START Source data
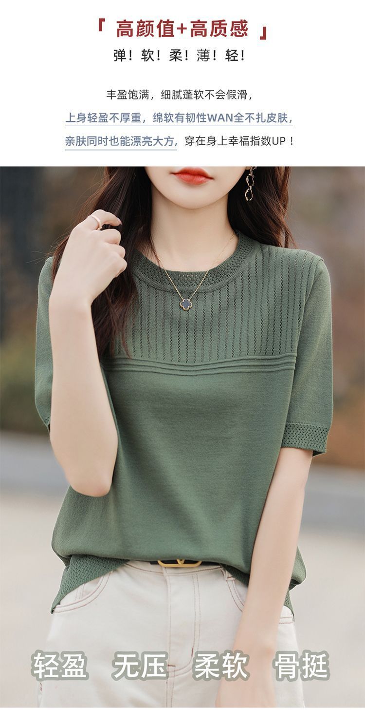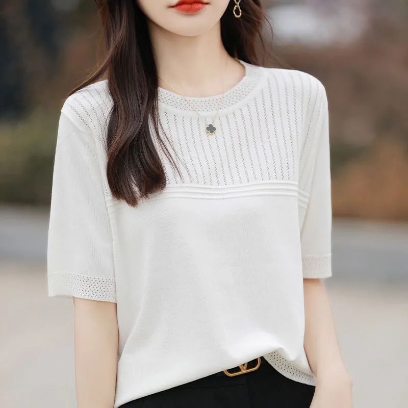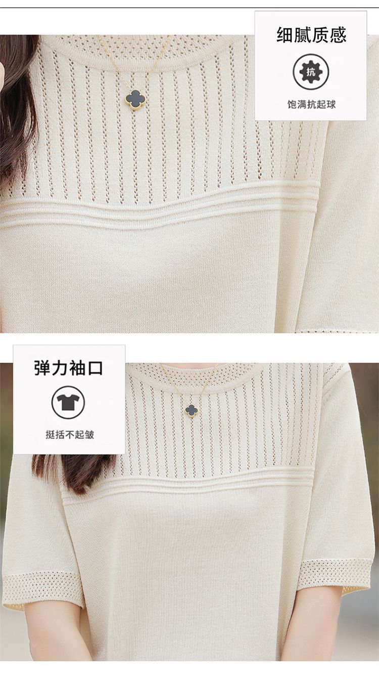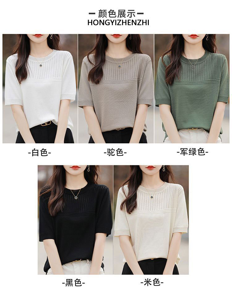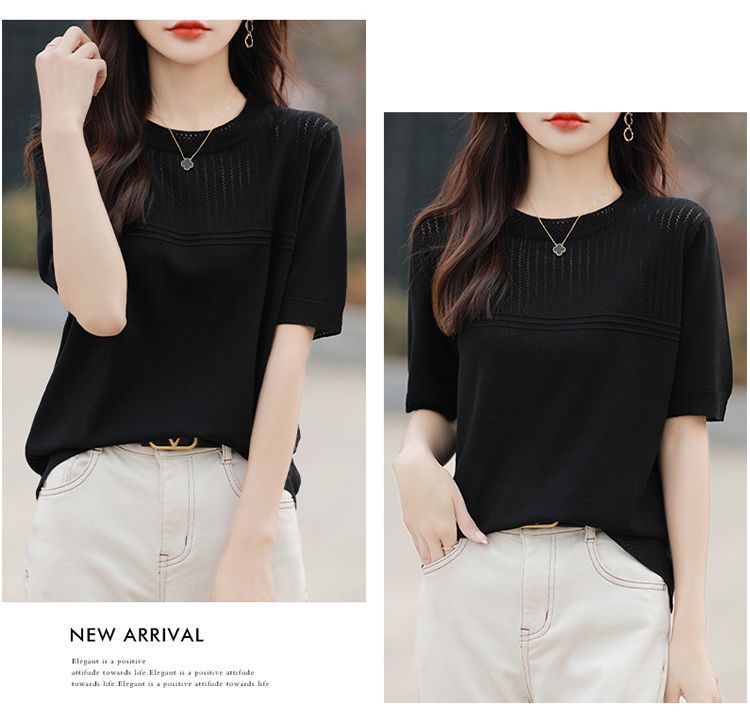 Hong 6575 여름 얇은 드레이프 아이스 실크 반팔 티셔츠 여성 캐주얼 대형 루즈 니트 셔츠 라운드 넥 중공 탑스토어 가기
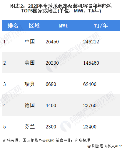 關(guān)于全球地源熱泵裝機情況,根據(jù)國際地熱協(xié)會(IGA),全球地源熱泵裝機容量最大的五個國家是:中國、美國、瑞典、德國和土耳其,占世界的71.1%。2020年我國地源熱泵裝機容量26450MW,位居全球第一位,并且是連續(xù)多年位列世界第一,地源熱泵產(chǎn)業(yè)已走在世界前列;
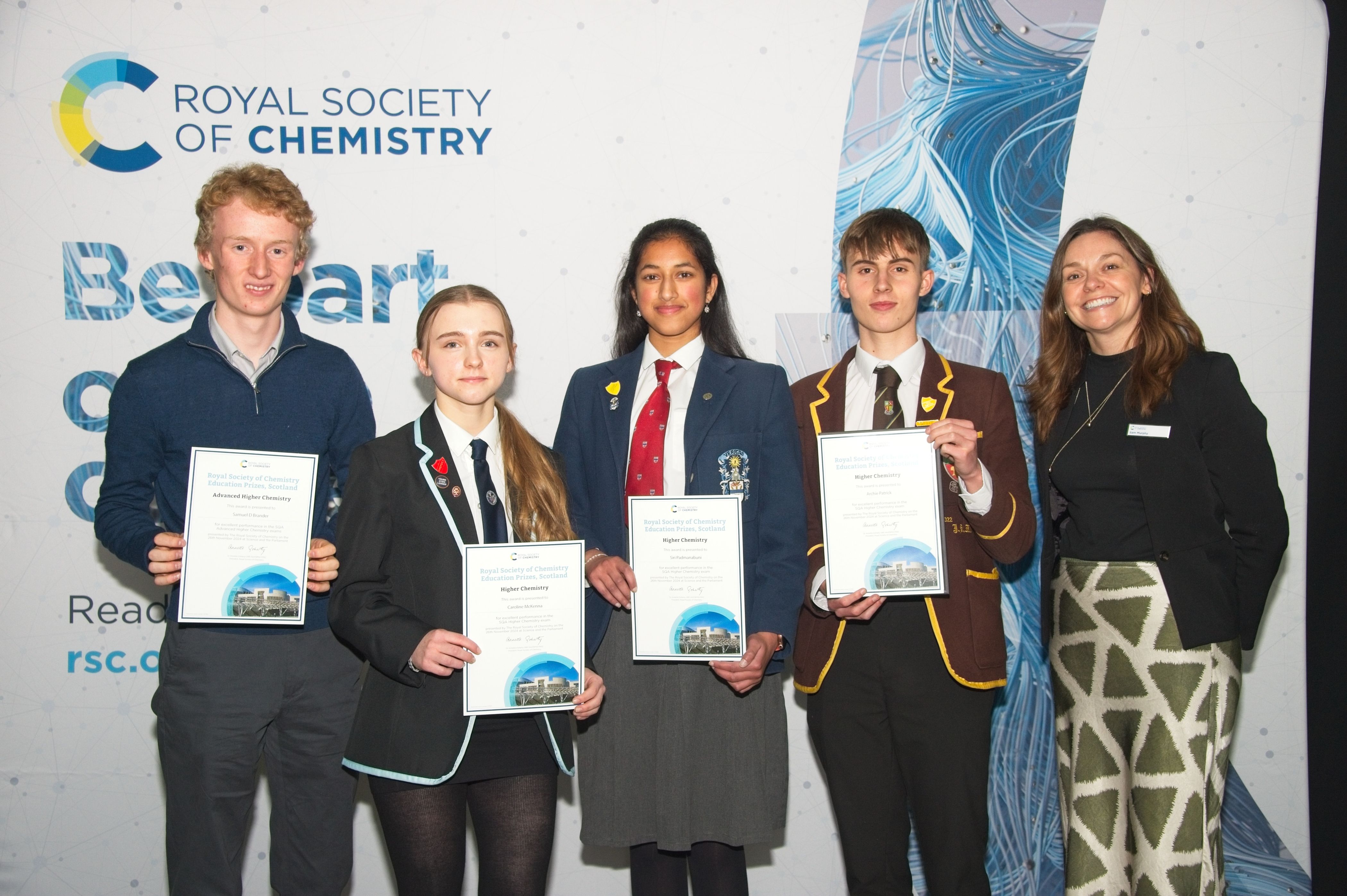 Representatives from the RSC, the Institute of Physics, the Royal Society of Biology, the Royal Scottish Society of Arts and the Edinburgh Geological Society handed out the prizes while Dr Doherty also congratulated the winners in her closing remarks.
END Source data
> What you are asked to do
Reprint the whole listing verbatim except for the pictures.

> Output below
 Hong 6575 여름 얇은 드레이프 아이스 실크 반팔 티셔츠 여성 캐주얼 대형 루즈 니트 셔츠 라운드 넥 중공 탑스토어 가기
 關(guān)于全球地源熱泵裝機情況,根據(jù)國際地熱協(xié)會(IGA),全球地源熱泵裝機容量最大的五個國家是:中國、美國、瑞典、德國和土耳其,占世界的71.1%。2020年我國地源熱泵裝機容量26450MW,位居全球第一位,并且是連續(xù)多年位列世界第一,地源熱泵產(chǎn)業(yè)已走在世界前列;
 Representatives from the RSC, the Institute of Physics, the Royal Society of Biology, the Royal Scottish Society of Arts and the Edinburgh Geological Society handed out the prizes while Dr Doherty also congratulated the winners in her closing remarks.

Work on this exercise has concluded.